* Work instruction *
Every line of the records below from the line with "下面介绍评估模型的核心,知识" up to and including the line with "Modny design wykończony" must be reproduced exactly, and no line outside that range.

* Supplied information *
---

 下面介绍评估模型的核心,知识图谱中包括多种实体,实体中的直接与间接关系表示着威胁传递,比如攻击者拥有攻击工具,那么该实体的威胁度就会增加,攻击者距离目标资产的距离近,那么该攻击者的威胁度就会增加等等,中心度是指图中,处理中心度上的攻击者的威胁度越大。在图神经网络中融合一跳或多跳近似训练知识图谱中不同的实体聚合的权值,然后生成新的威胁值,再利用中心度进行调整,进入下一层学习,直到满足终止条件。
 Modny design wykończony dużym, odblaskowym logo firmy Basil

---

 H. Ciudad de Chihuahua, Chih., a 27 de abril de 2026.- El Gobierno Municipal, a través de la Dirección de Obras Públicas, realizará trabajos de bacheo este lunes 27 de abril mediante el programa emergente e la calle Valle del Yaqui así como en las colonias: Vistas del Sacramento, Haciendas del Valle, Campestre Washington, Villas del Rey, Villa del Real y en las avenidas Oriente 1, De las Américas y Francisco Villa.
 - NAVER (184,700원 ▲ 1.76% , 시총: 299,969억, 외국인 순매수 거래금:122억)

---

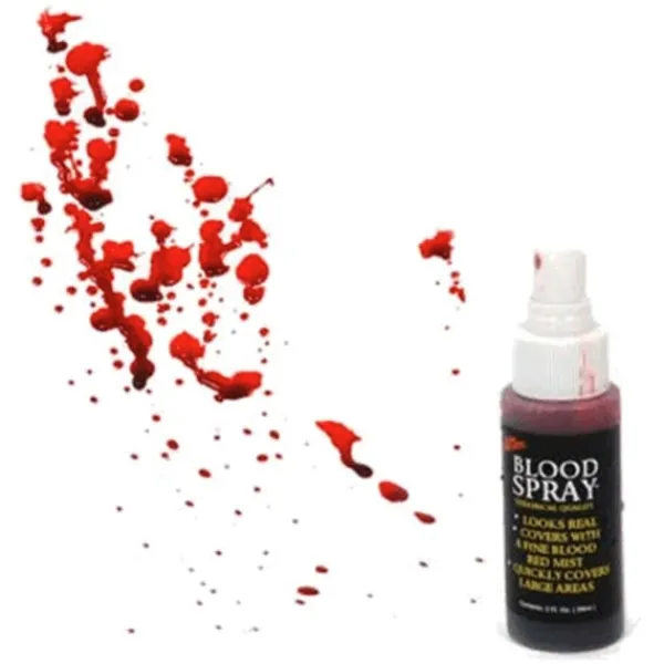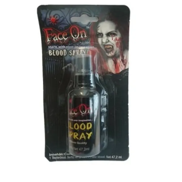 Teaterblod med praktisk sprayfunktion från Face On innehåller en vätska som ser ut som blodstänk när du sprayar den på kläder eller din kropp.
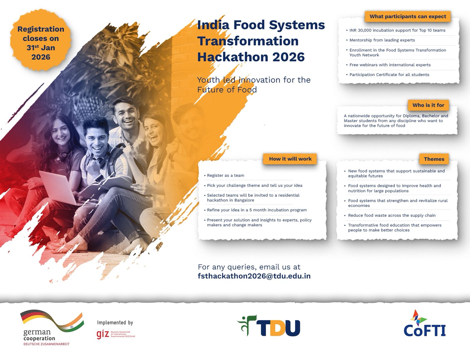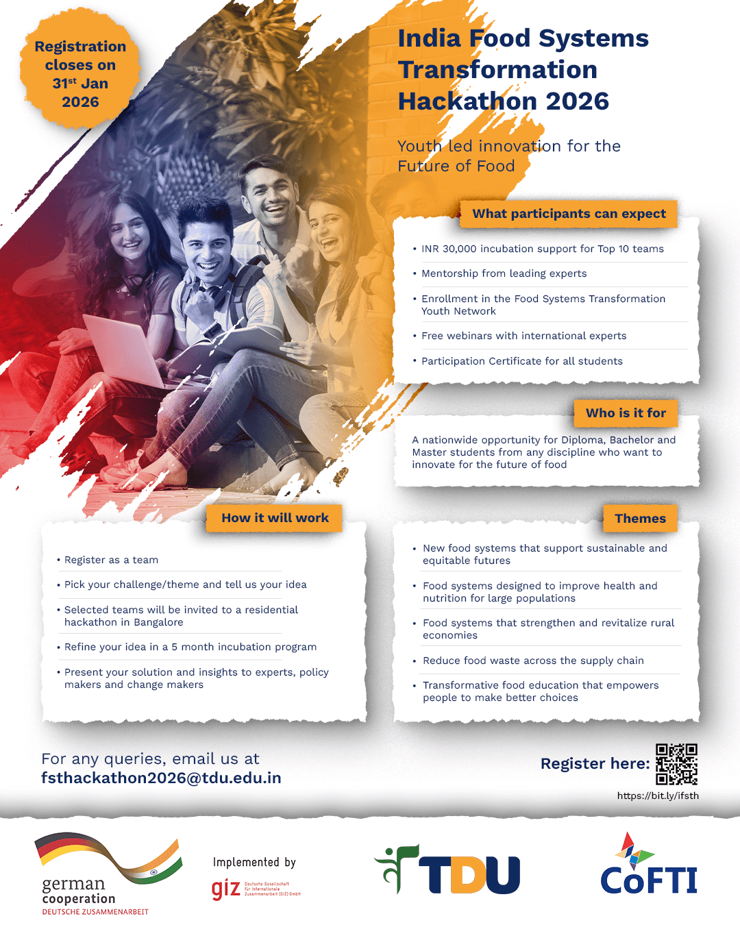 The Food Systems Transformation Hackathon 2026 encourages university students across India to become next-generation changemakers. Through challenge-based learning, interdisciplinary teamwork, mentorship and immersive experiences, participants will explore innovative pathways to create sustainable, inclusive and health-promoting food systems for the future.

---

* Completed task *
 下面介绍评估模型的核心,知识图谱中包括多种实体,实体中的直接与间接关系表示着威胁传递,比如攻击者拥有攻击工具,那么该实体的威胁度就会增加,攻击者距离目标资产的距离近,那么该攻击者的威胁度就会增加等等,中心度是指图中,处理中心度上的攻击者的威胁度越大。在图神经网络中融合一跳或多跳近似训练知识图谱中不同的实体聚合的权值,然后生成新的威胁值,再利用中心度进行调整,进入下一层学习,直到满足终止条件。
 Modny design wykończony dużym, odblaskowym logo firmy Basil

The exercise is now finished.